Mon camarade du haut ne pouvait pas descendre sur la corde déjà occupée
(c’est une technique délicate qu’il ne maîtrisait pas) et restait
tétanisé par les hurlements qui remplissaient tout le puits. Je ne
pouvais pas bouger de mon poste car les cheveux (ou le cuir chevelu)
risquaient de rompre à tout moment et la malheureuse n’était plus en
état de gérer sa descente en douceur. Tout le monde était pétrifié.
Après quelques longues secondes d’hésitation, j’ai appelé un débutant
qui me semblait plus dégourdi que les autres. Je l’ai regardé dans les
yeux et lui ai expliqué ce que j’attendais de lui: qu’il tienne
solidement la corde en y mettant tout son poids malgré les hurlements.
La vie de notre camarade en dépendait. Après m’être assuré qu’il avait
compris et s’était mis en position adéquate, je suis monté sur les
cordes mis en place par les autres équipes qui nous avaient précédées.
Je me souviens de cette remontée de quelques mètres seulement qui m’a semblé prendre des heures.
Arrivé à la hauteur de l’infortunée chevelue, ma première pensée a été
de lui couper les cheveux avec la flamme de ma lampe à acétylène. Un
éclair d’intelligence m’a fait réaliser que l’ensemble de sa chevelure
risquait de prendre feu. Je la rassurais comme je pouvais, elle
alternait gémissements et hurlements, supplications et appel à l’aide.

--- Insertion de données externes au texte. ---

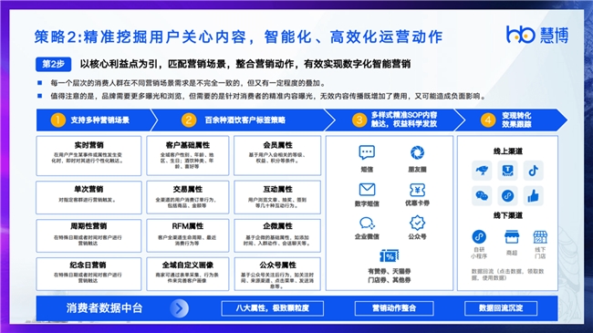 结合丰富的品牌服务实操经验,慧博科技提出,公域私域的高效融合是推动品牌增长的重要途径。在公域平台上,酒企可以通过广告投放、内容营销等方式吸引潜在消费者;而在私域平台上,酒企则可以通过会员管理、社群运营等方式与消费者建立更加紧密的联系,实现深度的用户运营和转化。

J’ai alors retiré mon casque. Comme un moniteur du club me l’avait
enseigné, j’avais toujours, glissés dans mon casque, une couverture de
survie, la liste des question à poser en cas d’accident, un petit carnet
et un crayon pour prendre des notes, une boite d’allumettes et un tout
petit couteau.
En enlevant délicatement mes gros gants, j’ai saisi mon couteau avec
précaution pour ne pas qu’il ne m’échappe, je l’ai déplié, et j’ai
commencé à découper les cheveux pris dans le descendeur en expliquant à
voix haute ce que je faisais. Sa tête a fini par se relever. J’ai pris
la corde, demandé à l’assureur du bas de relâcher la tension, et j’ai
fais un nœud autour du descendeur pour empêcher sa descente.
Je l’ai prise dans mes bras pour qu’elle pleure de toute son âme.
Au bout de quelques minutes, j’ai remplacé mon équipement de remontée
par celui de descente, j’ai retiré le nœud de son descendeur et du mien,
et nous avons commencé la descente sur nos cordes respectives, elle
étant blottie contre moi, et moi tenant les deux cordes dans mes mains.
La descente s’est faite dans un silence rendu impressionnant par le vacarme précédent.
Il nous a fallu une heure pour repartir. Le cuir chevelu de la jeune
fille avait gonflé d’une manière alarmante. Nous sommes remontés côte à
côte sur deux cordes. Nous avons pris le temps nécessaire. Elle est
restée allongée dans la voiture pendant tout le trajet vers l’hôpital.
Elle n’a pas poursuivi la pratique de la spéléologie.
Depuis, nous vérifions pour chaque fille et chaque garçon qu’aucun cheveu ne dépasse.
Et nous avons tous un petit couteau dans notre casque.